The Psalmist answers the question of God’s whereabouts during times of crisis when he writes: “Even though I walk through the valley of the shadow of death, I fear no evil you are with me.” His name is Immanuel, God with us. So, the crucifixion was celebrated in lockdown mode and this continued until the morning of the resurrection! When the two disciples on the road to Emmaus returned to deliver the goods news of the encounter with Christ, the others were in
2

lockdown mode. When Jesus himself appeared to them and breathed on them the Holy Spirit, they were also in lockdown mode: “On the evening of the first day of the week, when the disciples were together, with the doors locked for fear of the Jews, Jesus came and stood among them and said, ‘Peace be with you’” (John 20:19). The first Easter was celebrated in with the disciples locked down. Thus, throughout the crucifixion and resurrection, the terror of the times and violent and uncertain nature of the developments meant that many were in lockdown mode.
Today, we are also in lockdown mode. It is not the best of circumstances, but God knows what he is doing. I do not believe that coronavirus was inflicted on the world by God. He also did not reveal its coming to most of our self-acclaimed prophets because they would have made prophetic capital out of human suffering. God is not going to keep us in lockdown mode forever. Neither the story of the Israelites nor that of the disciples ended in permanent lockdown mode. For in Deuteronomy 26 when they brought their first fruits to the place of worship, they testified among others:
But the Egyptians mistreated us and made us suffer, putting us to hard labor. Then we cried out to the Lord, the God of our fathers, and the Lord heard our voice and saw our misery, toil and oppression. So, the Lord brought us out of Egypt with a mighty hand and an outstretched arm, with great terror and with miraculous signs and wonders (Deut. 26:7- 8).

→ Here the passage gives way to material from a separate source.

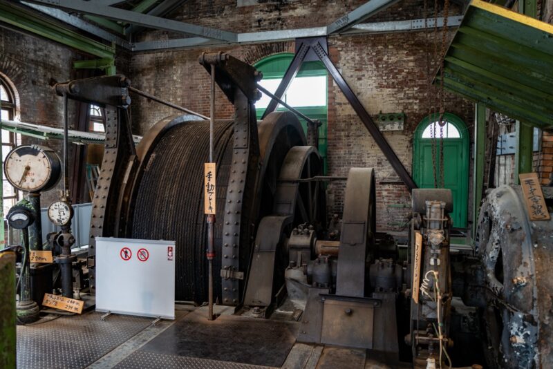 ちなみに、施設で利用された機械類は、日本製のものだけではなく、イギリス、ドイツ、アメリカ、スイス製のものもありました。たとえば、安全灯室及び浴室、事務所はイギリス積みの煉瓦造り、第二竪坑櫓の鋼鉄はイギリス製であることが判明しています。

The eventual release meant a lot to Israel and in their later history, this event was celebrated like no other! So, after making the confession from their sufferings in Egypt, the worshipper was supposed to place the basket of first fruits “before the Lord your God and bow down before him” (Deut. 26:10). The end game in the Lord’s deliverance is to “bow down before him” in worship.
My personal definition of salvation is this: “God’s rescue function in Christ by the power of the Holy Spirit.” I look forward to the day when following our release from this lockdown, each of us would bring his or her first fruit, not because we want to buy his favor by the quantum of our giving, no, but rather to celebrate the God of our salvation in worship, honor and praise for great things he would have done.
When the disciples eventually emerged from their lockdown mode, it was because the news of the resurrection had been confirmed: “The Lord is risen indeed, and he has revealed himself to Simon” (Luke 24:34). The enemies of Jesus had now been put to flight. From that moment on, the day of terror was translated to a Good Friday and the resurrection was no longer celebrated in locked down mode with some running out of the city. We have abused the meanings of these events and I believe that celebrating it in lockdown mode offers us an opportunity to reflect on the true means of Good Friday and Easter, so that we can celebrate the ones that lie ahead of us with meaning to the glory of God. In God’s salvation history, lockdown mode is never a permanent condition!